Ричард Виндфилд, судя по выражению его лица, вознамерился мне что-то возразить. Я прекрасно представляла себе, чтоон сейчас станет мне говорить: «Нет-нет, ради Бога! Как вы можете на себя наговаривать? Я, например, отнюдь не считаю, что вы некрасивая». Ну, или какие-нибудь другие учтивости подобного рода. Но я уже набрала темп в своем рассказе, а потому не хотела позволять себя перебивать из опасения, что могу потерять нить повествования.
– Однако пусть у вас не складывается насчет всего этого превратное мнение. Последние годы я бы даже назвала счастливыми. У меня был свой дом, был, можно сказать, свой очаг, была тетушка Лурдес, которая обо мне заботилась, был дядя Хуан – замечательный крестный отец, присылавший мне деньги, чтобы я могла жить безбедно. Я прекрасно ладила с жителями нашего городишка, у меня было много хороших и интересных знакомых, а отпрыск одной из богатых семей намеревался на мне жениться. Ни на что большее я не рассчитывала, потому что ничего большего я себе и представить не могла.
Я на пару секунд замолчала – наверное, мне были нужны эти секунды для того, чтобы придать своему голосу грустное звучание. Опустив глаза, я посмотрела на белую и пустую тарелку невидящим взором, а затем снова заговорила, чувствуя, что лорд Виндфилд очень внимательно меня разглядывает.
– И тут случилось так, что весь мой мир – своего рода пузырь, внутри которого я жила в ладу сама с собой и с другими людьми, – вдруг лопнул. Я становилась уже взрослой – слишком взрослой для того, чтобы оставаться незамужней, – и надо мной нависла угроза оказаться в числе тех представительниц слабого пола, которые, так и не выйдя замуж, сохраняют свою невинность до самой смерти. Тетушка Лурдес тоже, можно сказать, стала взрослой – слишком взрослой для того, чтобы за кем-то ухаживать. Точнее, она достигла возраста, в котором ухаживать надо было уже за ней самой. Ее вдовствующая сестра, у которой имелся дом в Кастильеха-де-ла-Куэста – местечке с климатом, который идеально подходил для ее ревматизма, – забрала ее к себе. В общем, у меня было более чем достаточно причин для того, чтобы решить, что я должна без промедления выйти замуж за Фернандо – моего давнишнего женишка, который был богатым наследником некого буржуазного семейства и который, кстати говоря, меня ничуть не любил. Я – непонятно откуда – всегда это знала. Наверное, поэтому он не спешил на мне жениться, хотя ему и было известно, что брак без любви – это вполне нормально и что люди говорили, будто я – девушка бедная и малопривлекательная – наверняка буду от этого своего замужества в восторге. Поскольку мне уже пошел третий десяток, я начала подумывать, что они, пожалуй, правы, и убеждала саму себя, что Фернандо меня ценит и уважает, ну а мне не стоит надеяться на большее. Поэтому я очень страдала, чувствуя себя брошенной и прилюдно униженной. Поэтому я плакала и плакала днями и ночами – не из-за того, что потеряла Фернандо, а из-за того, чтоэто для меня означало. Мои планы совместной жизни с Фернандо были моими единственными жизненными планами…

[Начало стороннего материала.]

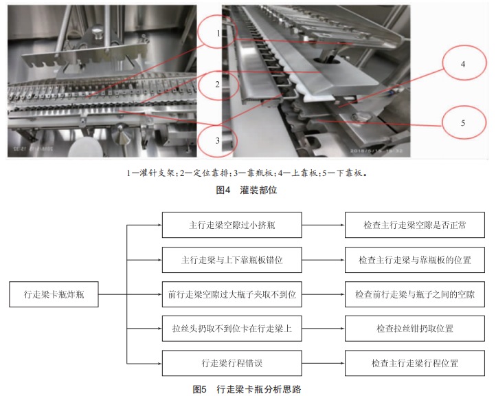 (1)如圖4所示,灌封機定位靠排2與上靠板4、下靠板5不在一條直線上,安部瓶歪斜:調(diào)整灌封機定位靠排2與上靠板4、下靠板5,使安部瓶豎直。

«А что случилось с Фернандо? И кто он вообще такой?» – эти вопросы можно было прочесть в нетерпеливом взгляде лорда Виндфилда.
– Я помню, что в тот октябрьский день пляж был пустым. Светило солнце, и было ненамного холоднее, чем обычно в октябре в Костере. Маленькая рыбацкая церковь…
Рыбацкая церковь… Церквушка, построенная на крутом склоне и благодаря этому возвышающаяся над городишком с его небольшим пляжем, площадью, несколькими десятками домов и кельтским жилым строением в несколько квадратных метров, посмотреть на которое время от времени приезжал какой-нибудь любопытный университетский преподаватель или студент. Напротив церкви находился парк с двумя скамьями, фонтаном, не превышавшим размерами мой умывальник, и четырьмя кипарисами, растущими как раз по углам этого парка. Весенними ночами пахло жимолостью, а летом расцветали розовые кусты, растущие возле стен храма, на газоне появлялись маленькие маргаритки, а у основания каменного креста дон Амадор – приходский священник – сажал петунии, которые каждый год – в августе, когда жара становилась невыносимой, – полностью засыхали…
– С вами все в порядке?
Я погрузилась в воспоминания о событиях, которые очень хорошо запечатлелись в моей памяти – так, как запечатлевается на сетчатке глаза беловатая вспышка поджигаемого при фотографировании магния. Показавшийся мне незнакомым голос лорда Виндфилда вырвал меня из этих воспоминаний – воспоминаний, которые я не пыталась вызвать в своей памяти, но которые, тем не менее, нахлынули на меня, подрывая мою самоуверенность и лишая меня присутствия духа, унося очень далеко от того места, в котором я в данный момент находилась, и от той ипостаси, в которой я сейчас выступала…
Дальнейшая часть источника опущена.